Could AI make legal rulings in the future? ‘Robot judges’ may replace humans in deciding ‘minor’ court disputes, Master of the Rolls Geoffrey Vos says

Robot judges powered by Artificial Intelligence could be used to make court rulings, one of the country’s most senior law lords has declared.

Master of the Rolls Sir Geoffrey Vos believes the emerging technology may be utilised in the future to decide low level cases.

The judge thinks AI programmes and machines could be the perfect way to makes some decisions.

But Sir Geoffrey says humans will still be needed for appeals or really serious offences before the courts.

The comments – made to the Law and Technology Conference – may alarm those concerned at the rise of AI.

Numerous sectors are feeling the pinch from the systems replacing human workers and inputs.

Sir Geoffrey said: ‘I have already said that I have no doubt that lawyers will not be able to stand aside from the uses of generative AI.

‘Clients will insist that all tools available are at least considered for application within the delivery of legal services.

‘But will judicial decisions be taken by machines rather than judges? As many of you will know, we are introducing in England and Wales a digital justice system that will allow citizens and businesses to go online to be directed to the most appropriate online pre-action portal or dispute resolution forum. That digital justice system will ultimately culminate at the end of what I regard as a “funnel” in the online court process that is already being developed for pretty well all civil, family and tribunal disputes.

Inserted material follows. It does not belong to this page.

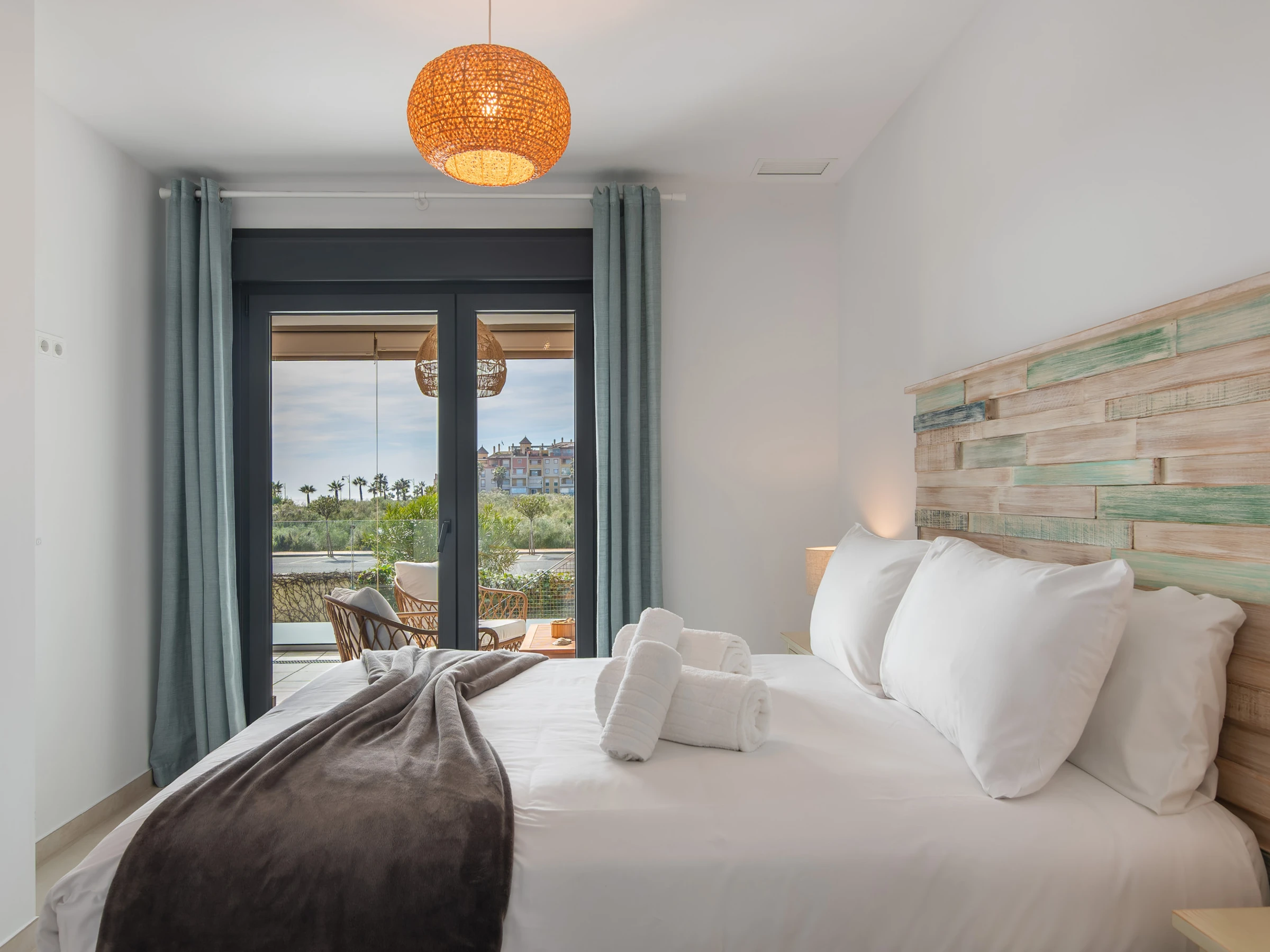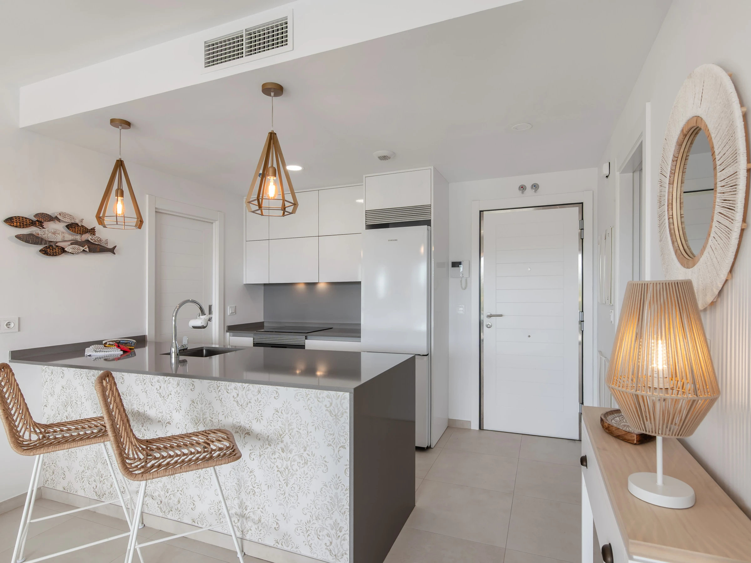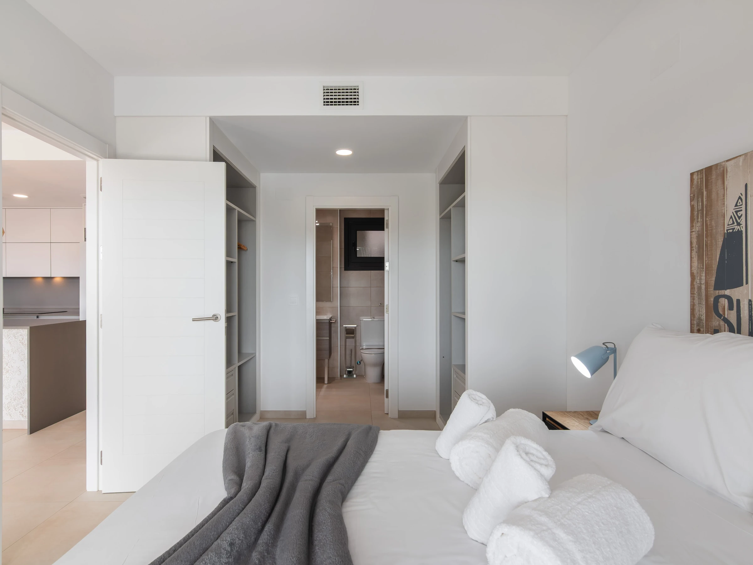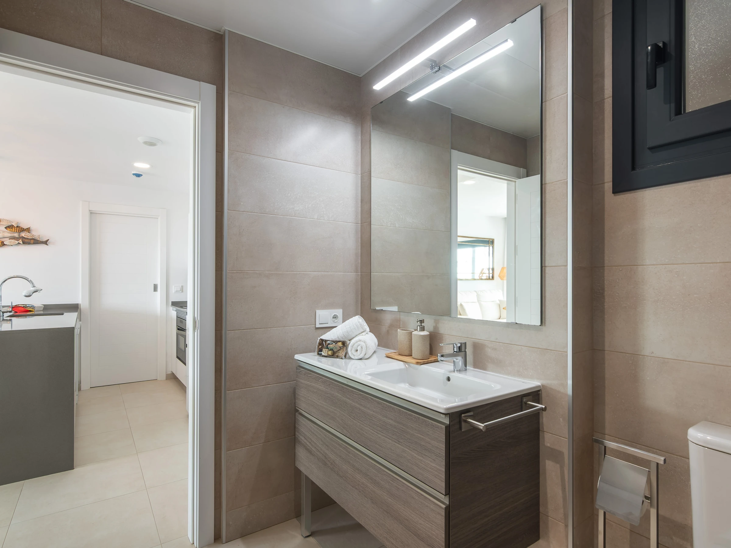 El apartamento cuenta con dos dormitorios con camas dobles, ideal para 4 personas, y ofrece todas las comodidades para hacer tu estancia inolvidable. Dispone de aire acondicionado y calefacción por bomba de calor para garantizar tu confort en cualquier época del año. La cocina americana está completamente equipada con electrodomésticos de última generación, incluyendo nevera, lavadora, lavavajillas, horno, microondas y máquina de café.

‘I believe that it may also, at some stage, be used to take some (at first, very minor) decisions. The controls that will be required are (a) for the parties to know what decisions are taken by judges and what by machines, and (b) for there always to be the option of an appeal to a human judge.’

But while Sir Geoffrey believes that technology could be the future for the judiciary he admits there are limits to his use.

He stressed that he did not think the public would accept robotic judgements of cases involving children or very serious offences.

The justice added: ‘The limiting feature for machine-made decisions is likely to be the requirement that the citizens and businesses that any justice system serves have confidence in that system.

‘There are some decisions – like for example intensely personal decisions relating to the welfare of children – that humans are unlikely ever to accept being decided by machines.

‘But in other kinds of less intensely personal disputes, such as commercial and compensation disputes, parties may come to have confidence in machine made decisions more quickly than many might expect.’